Память — дрессированная собака. Ей достаточно намека на желание, она выполнит автоматически. Или не выполнит, если мы не попросим ее. Память — верный пес, верный друг, по-собачьему преданный хозяину. Она понимает с полуслова: ложится у наших ног и чутко дремлет. Ее присутствие, как присутствие совести, — беспокоит, но прогнать ее в нас не достает сил и смелости. Где-то мы понимаем, что прогнать память — как прогнать совесть. Мы не можем стать другими, чем мы есть. Такими, какими мы стали.

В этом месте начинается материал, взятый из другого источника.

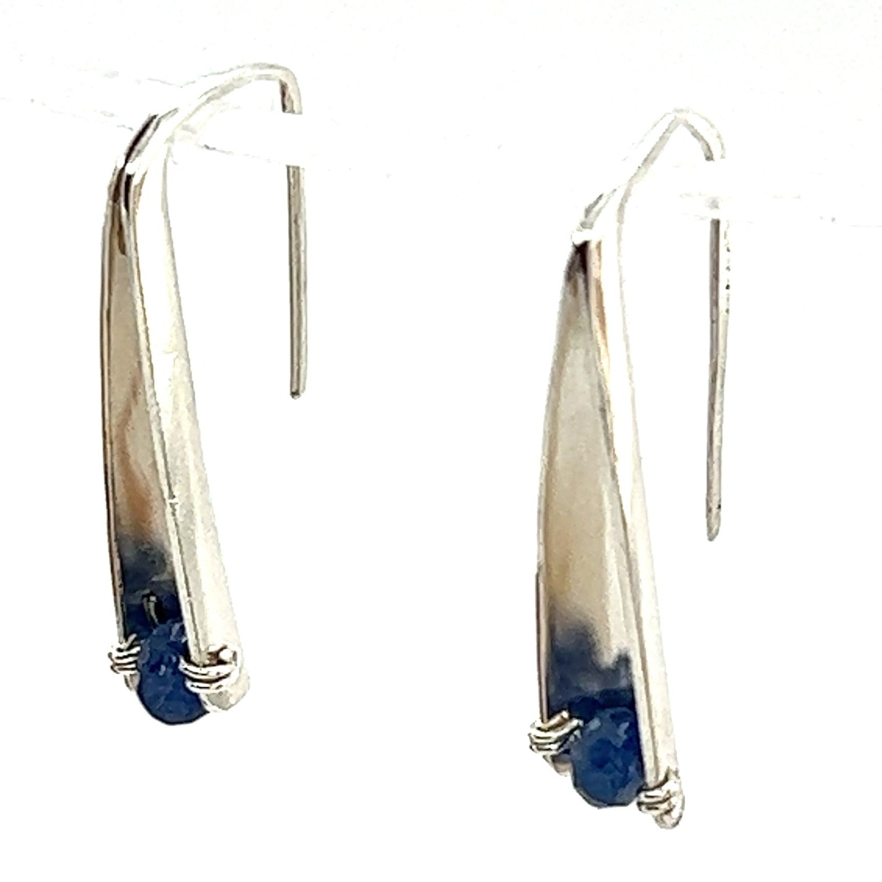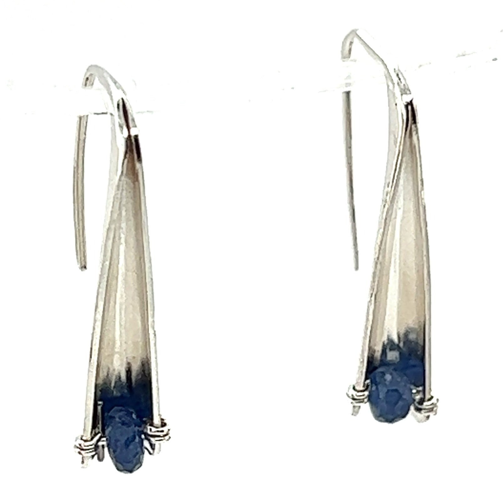 These aren't your average earrings. Crafted with the anticlastic raising technique, our Sapphire Bead Anticlastic Earrings transform the classic dangle into a captivating 3D sculpture. The continuous form gently curves around your ear, offering a comfortable, lightweight wear. Sparkling sapphire beads adorn the body of the earring, adding a touch of vibrant color and timeless elegance.

И я опять подрываюсь на воспоминании.
МАМА
Когда мы собирались ехать в Анапу и упаковывали вещи, мама напевала:
Она пела это на мотив «и за борт ее бросает в набежавшую волну», и папа смеялся.
Маме очень хотелось поскорее увидеть эту Анапу, романтический порт, основанный древними греками, куда черкесы продавали пленниц с миндалевидными глазами. Такими их рисовал сочинский художник Гринько, первый живой художник, которого я видел. Ходил он в соломенной шляпе, был худ и всегда голоден. На тонкой изогнутой шее, похожей на шею грифа из иллюстраций Брема, всегда красовался шелковый платок черного цвета. Глаза у Гринько были небесно-голубые.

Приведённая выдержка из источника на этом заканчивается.